It's starting to feel like spring

For the first time in a long while, it feels as though education, social care, community economics, and national resilience policy are beginning to speak the same language. They certainly appear to be pointing in the same direction. Let’s see!

On 9 March 2026, the Ministry of Housing, Community & Local Government published its new policy paper Protecting What Matters: Towards a more confident, cohesive, and resilient United Kingdom, setting out steps to strengthen social cohesion, rebuild trust and create the conditions for shared prosperity. This vision lands at a moment where schools, communities, and civic leaders are already pushing for a whole‑system redesign built around the PERSON. 

On education:

For years, education white papers have spoken about the wider civic role of schools, not just as places of learning, but as core community institutions capable of improving health, supporting families, building economic participation, and strengthening local identity. With the publication of the recent School’s White Paper and then this newest government policy announcement, this perhaps no longer feels aspirational and a little more joined up?

The new Ministry of Housing, Community and Local Government policy with its emphasis on cohesion, shared values, and multi‑agency alignment, reinforces what our leaders across education and health and social care have known for years - that we can’t build a resilient nation without positioning our people at its heart. This sounds very obvious as a concept, but it amazes me how often dots aren’t joined here. That is why the emerging cross‑government narrative matters to me and to many others. 

When national policy speaks about “cohesion”, “integration”, “community and resilience”, it opens the door to more coherent approaches to child and adult wellbeing, and to breaking down the long‑standing separation between our government departments.

On adult social care

Baroness Casey’s speech just over a week ago was pretty punchy. It was an example of bold honesty about the urgent need for public‑service reform. While not tied to the 9 March 2026 policy paper, her wider critiques of adult social care, local systems, and governance echo the same underlying truth that our adult health and social‑care model is no longer fit for purpose. Her challenge to rethink the structures, expectations, and funding frameworks of adult support resonates with the shift we see in child‑centred services.

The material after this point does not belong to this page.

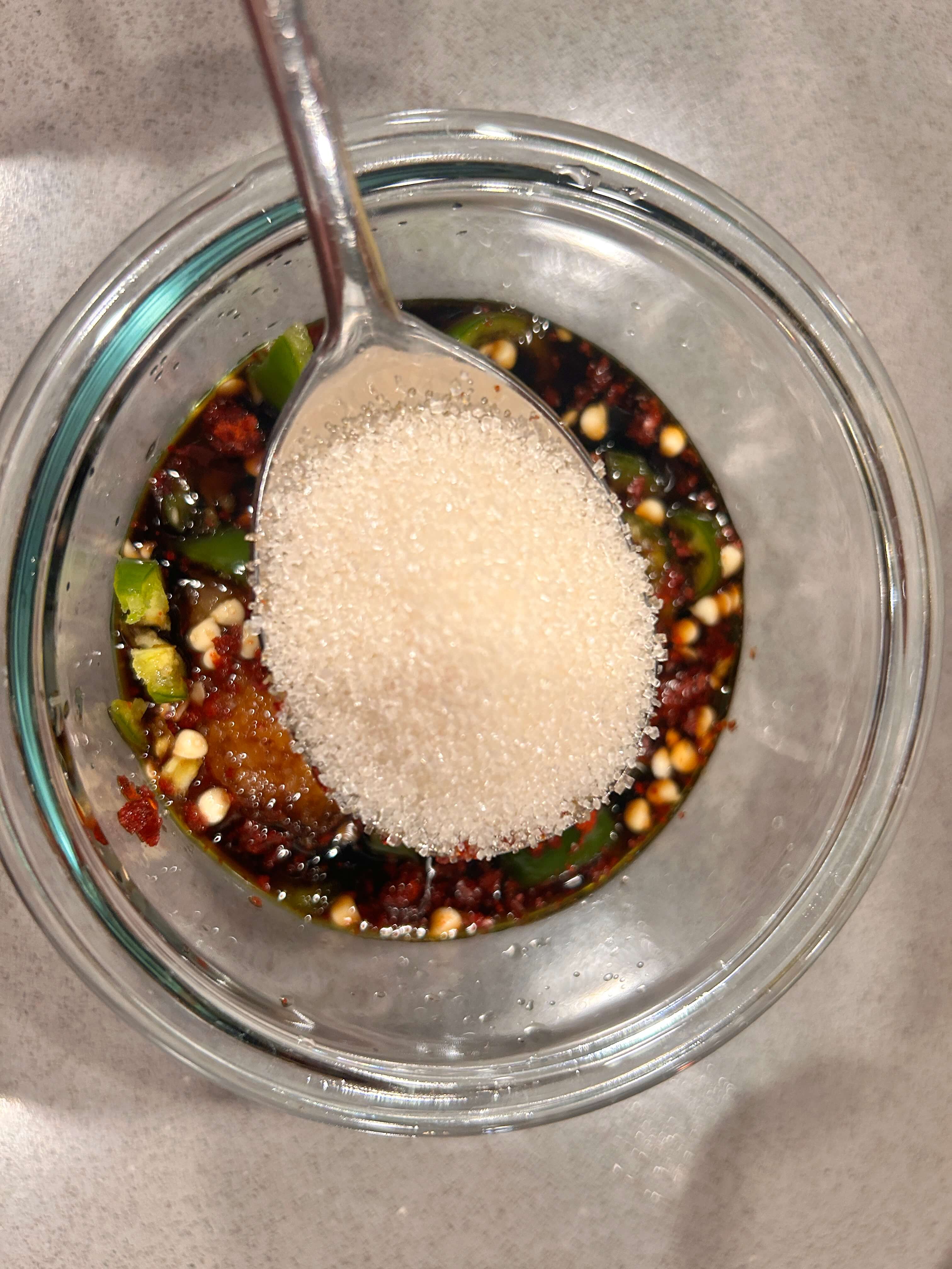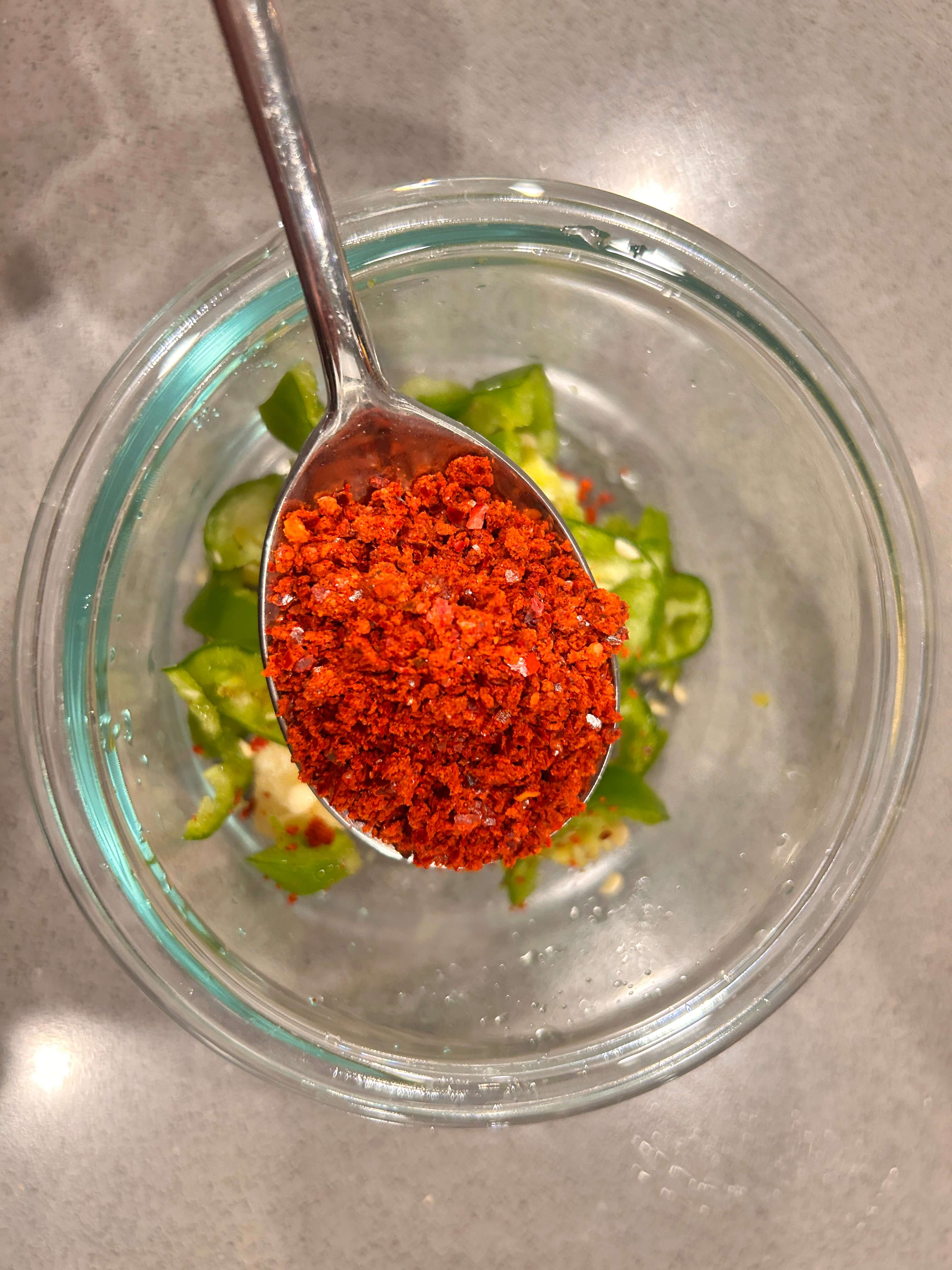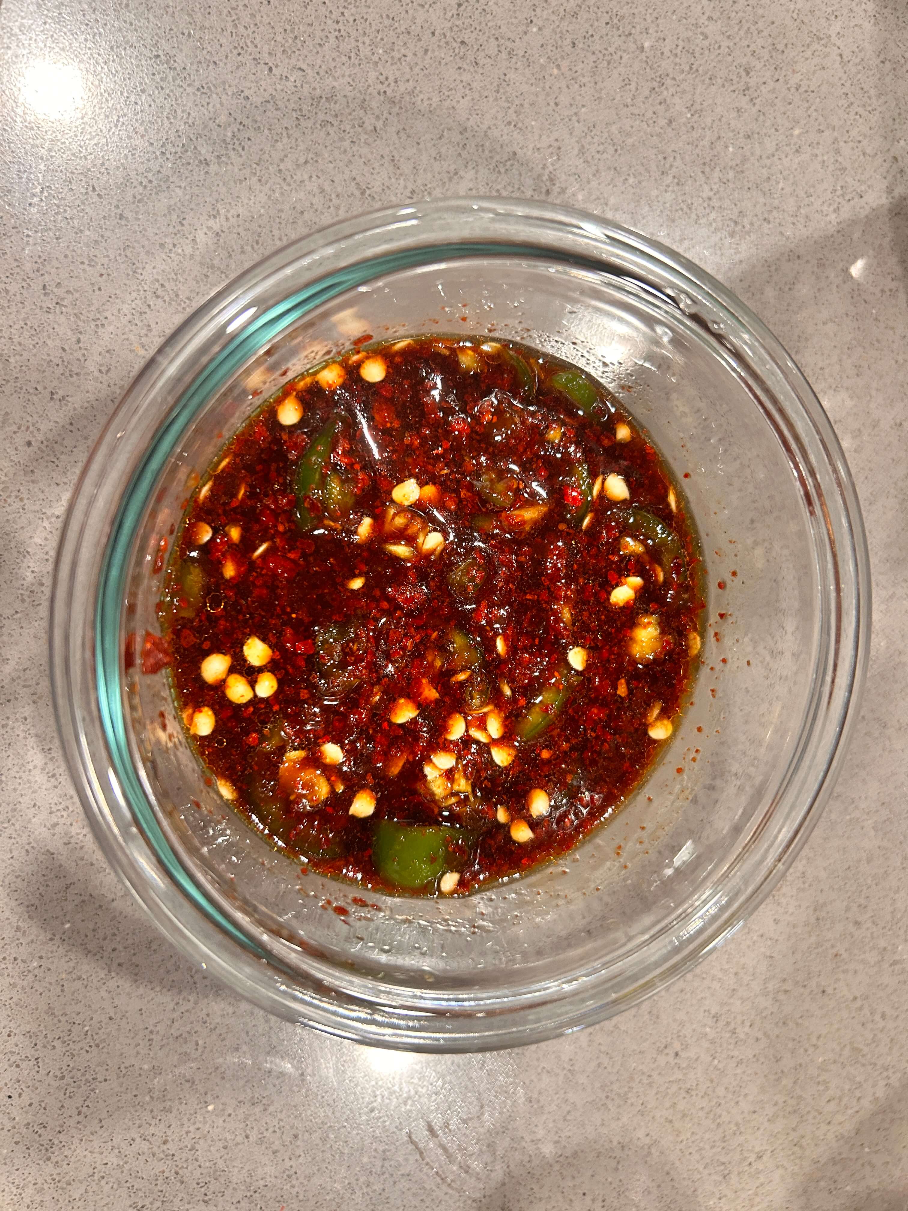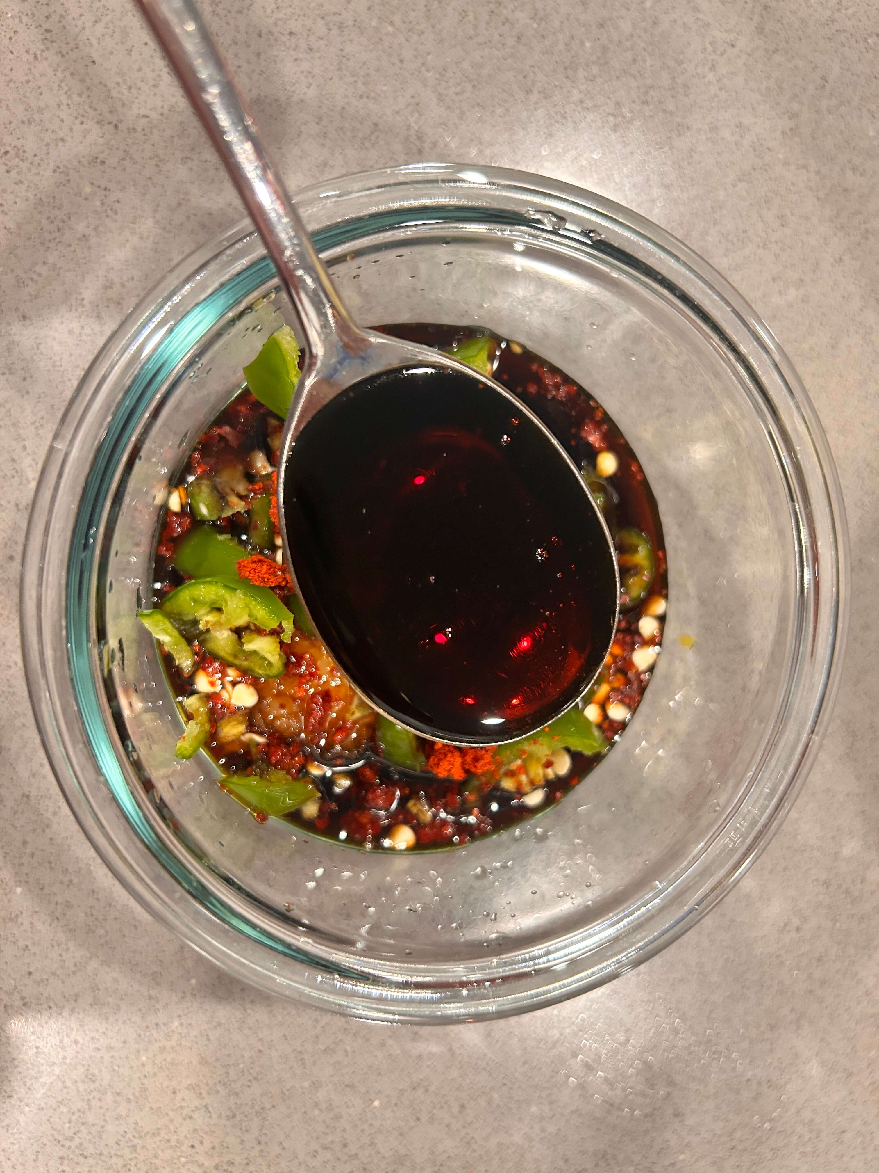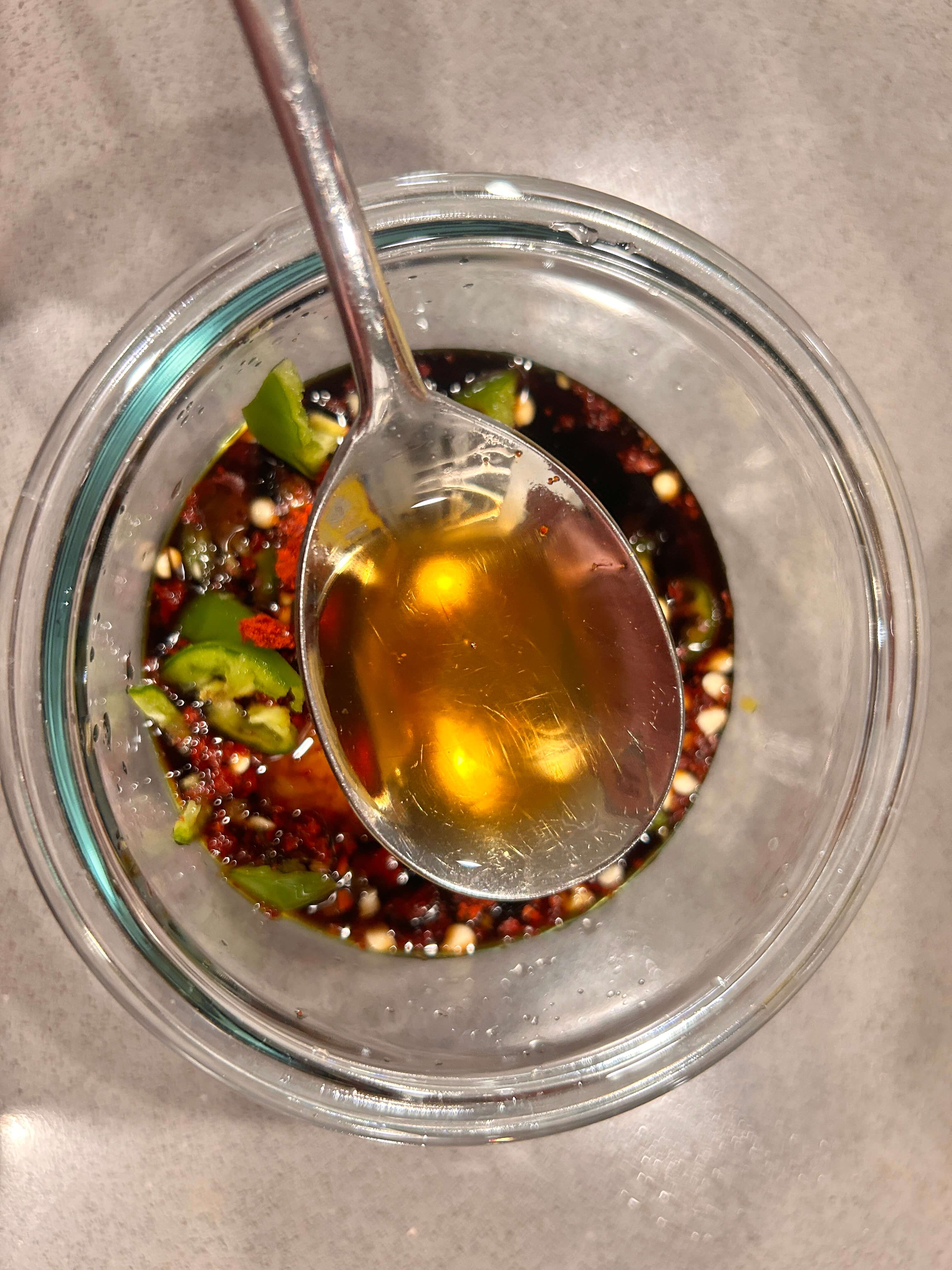 11. 다진 마늘 1 숟갈, 고추 1~2개, 고춧가루 1, 간장 7, 참기름 1 숟갈을 넣고 잘 섞어줍니다.

Both point to the need for local systems that work with communities, not around them, integrated services that don’t expect people to navigate complexity alone, and renewed focus on DIGNITY, AGENCY and PREVENTION. 

Baroness Casey’s boldness aligns with the direction of travel in ‘Protecting What Matters’: a cross‑government recognition that fragmented, reactive systems are failing to deliver stability or cohesion. This also aligns with the work we, Stone King, are doing through our public sector transformation consultancy.

On the Offices of the Impact Economy – our civic conductor?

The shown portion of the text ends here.